A trip to the Caribbean completely changed her perspective.

“It was a real eye-opener,” Austin says. “It was so much different than I expected.”

Among other things, the quality of the food and the level of activity far exceeded Austin’s expectations. She noted that it’s now common for wine tastings, cooking classes, shopping trips, and dancing and fitness classes to be part of cruise itineraries.

The primary concern the Golf & Go faces about a golf cruise is how to accommodate a spouse who doesn’t golf.

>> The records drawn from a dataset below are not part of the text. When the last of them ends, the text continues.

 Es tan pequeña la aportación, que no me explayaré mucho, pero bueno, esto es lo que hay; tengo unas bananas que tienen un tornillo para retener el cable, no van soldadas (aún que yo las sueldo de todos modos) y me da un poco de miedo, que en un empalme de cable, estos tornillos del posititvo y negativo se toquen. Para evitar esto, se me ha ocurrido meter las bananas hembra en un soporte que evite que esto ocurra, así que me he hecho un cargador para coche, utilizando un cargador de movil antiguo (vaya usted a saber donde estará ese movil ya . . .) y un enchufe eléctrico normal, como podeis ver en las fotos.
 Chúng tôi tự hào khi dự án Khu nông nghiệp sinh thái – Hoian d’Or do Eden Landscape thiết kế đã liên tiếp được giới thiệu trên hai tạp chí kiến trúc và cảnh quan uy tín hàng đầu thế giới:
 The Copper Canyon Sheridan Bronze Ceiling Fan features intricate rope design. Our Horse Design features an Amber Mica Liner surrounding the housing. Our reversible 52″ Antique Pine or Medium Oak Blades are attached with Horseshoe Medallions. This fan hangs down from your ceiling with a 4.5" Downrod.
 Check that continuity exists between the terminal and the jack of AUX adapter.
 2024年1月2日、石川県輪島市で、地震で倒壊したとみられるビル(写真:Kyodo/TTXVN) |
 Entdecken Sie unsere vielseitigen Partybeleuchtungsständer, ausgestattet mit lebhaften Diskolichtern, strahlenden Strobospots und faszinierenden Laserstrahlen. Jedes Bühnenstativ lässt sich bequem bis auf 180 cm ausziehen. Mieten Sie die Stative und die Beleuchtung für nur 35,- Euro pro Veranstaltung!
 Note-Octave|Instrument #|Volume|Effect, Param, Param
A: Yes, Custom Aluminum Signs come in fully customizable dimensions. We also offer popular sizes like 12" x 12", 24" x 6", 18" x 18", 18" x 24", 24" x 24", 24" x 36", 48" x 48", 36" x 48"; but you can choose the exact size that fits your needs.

Austin says this is addressed through a separate itinerary that combines ship activities and opportunities in the port cities.

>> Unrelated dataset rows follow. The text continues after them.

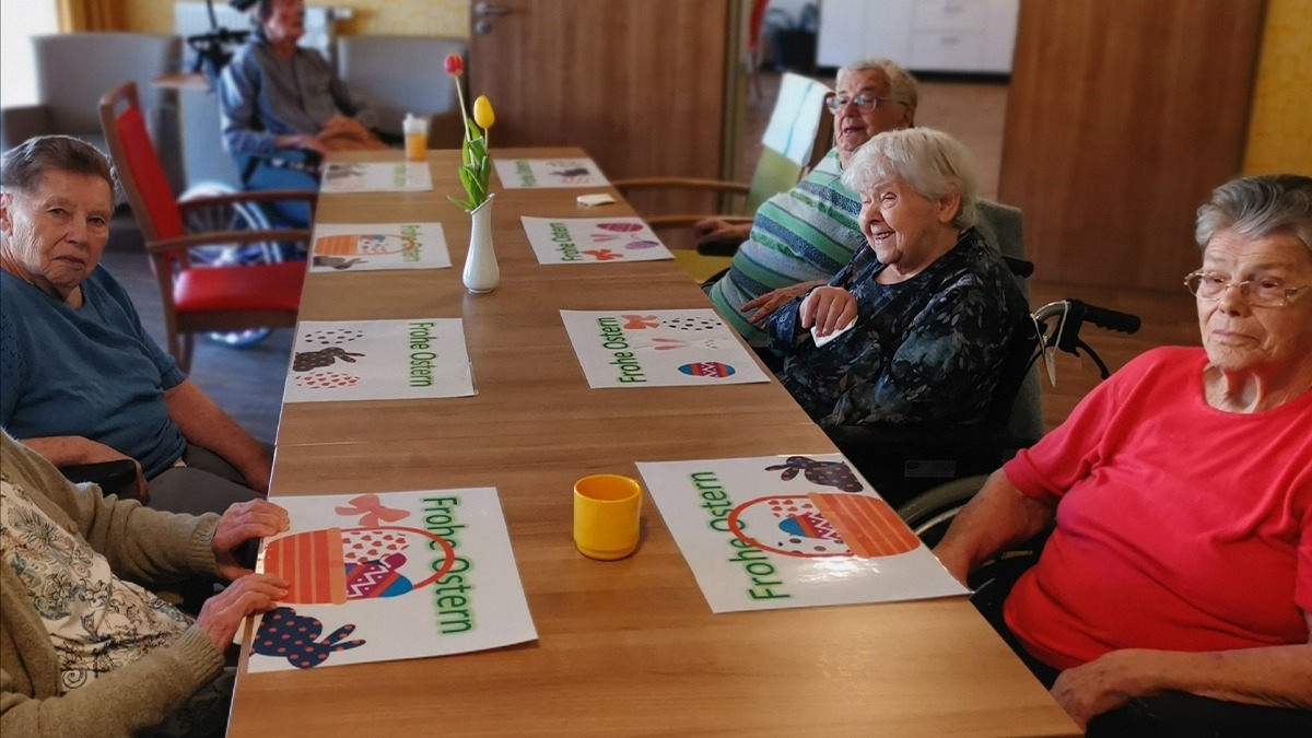 Die Bewohner*innen des „Haus im Glantal“ wurden wieder richtig kreativ und gestalteten aus schönen Ostervorlagen einfach wunderbare Tisch-Sets. Einlaminiert können sie sogar verkleckert werden und bleiben trotzdem noch schön. Da kann Ostern in Altenglan jetzt kommen!
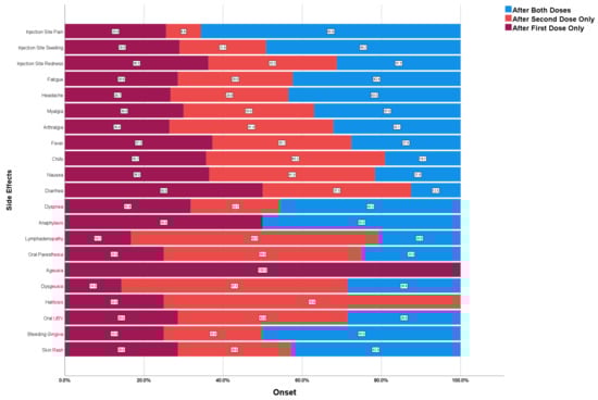 While mRNA-based vaccines recipients reported more local side effects after the first (85.6% vs. 75.4%) and second doses (84.9% vs. 79.5%), viral vector-based vaccines recipients reported more systemic side effects after the first (59.6% vs. 49.5%) and second doses (57.6% vs. 51.8%). Similarly, Klugar et al., 2021 revealed that local reactions were more associated with mRNA vaccines, while systemic adverse effects were associated with viral vector-based vaccines among German HCWs []. In Poland, Andrzejczak-Grządko et al., 2021 indicated that BNT162b2 was associated with more frequent local adverse effects, i.e., injection site pain and arm pain and less frequent systemic side effects (headache, myalgia, headache, fever, and chills) [].
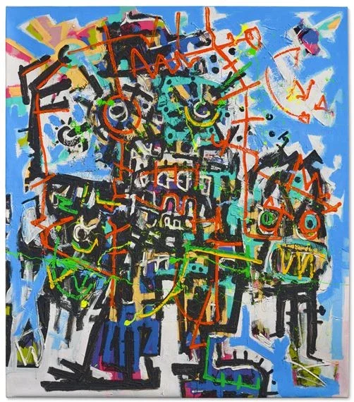 Indonesian outsider artist Fika Leon is often inspired by memories from his past experiences. He depicts this energy and emotion in his brushstrokes, layered thick paint, sometimes whimsical, sometimes aggressive figures stacked like totems with large features and dance-like movement to reflect these memories.
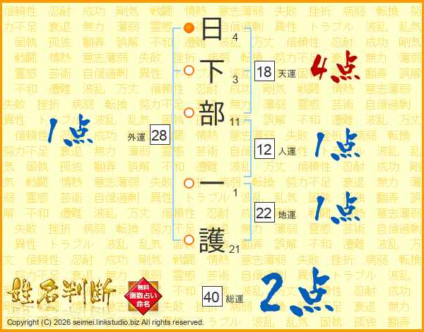日(4画)下(3画)部(11画) 一(1画)護(21画)
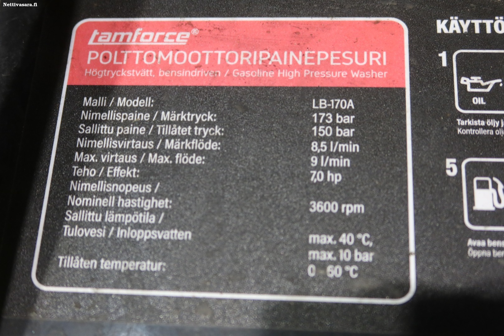 - Polttomoottorikäyttöinen painepesuri Tamforce LB-170A (6)
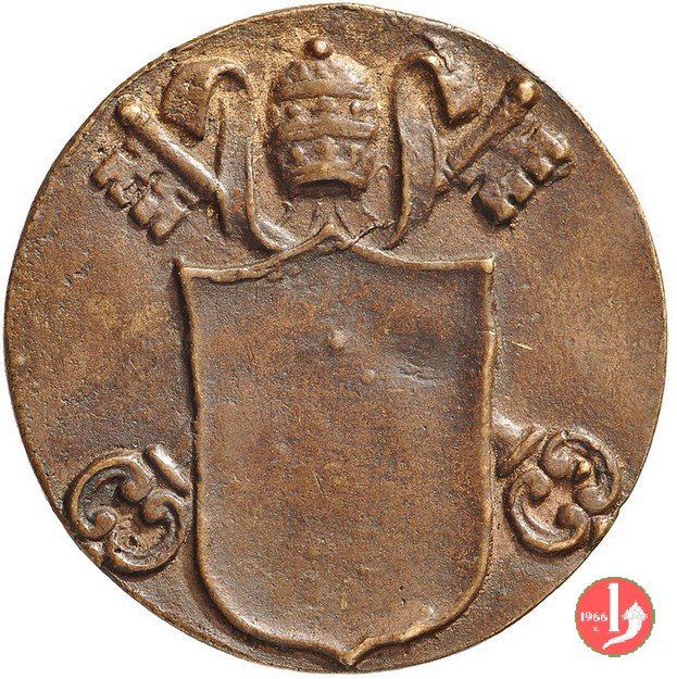 Verso: Stemma vuoto su chiavi decussate coronato da triregno

“We work on itineraries through conversations with the group and through research of what’s going on at the port city, be it tours, festivals, concerts or whatever else might be going on at the time,” she says.

“We want to take advantage of everything our destinations have to offer, be it on the course, the ship or in the city.”

Golf & Golf is looking forward to offering the best both the golf and cruises industries have to offer. In particular, Austin hand-picked the courses the golfers will play.

“We chose these courses because I know people who’ve played them and I gathered a lot of information beforehand,” Austin says. “We’re excited to offer these courses to our clients and take them there on ships that are rich and luxurious.”

For more information on Golf & Go Coastal cruises, go to www.golfngocruises.com. To a book a cruise, contact Jamie Austin at 800.494.4067 or Jamie@golfngocruises.com.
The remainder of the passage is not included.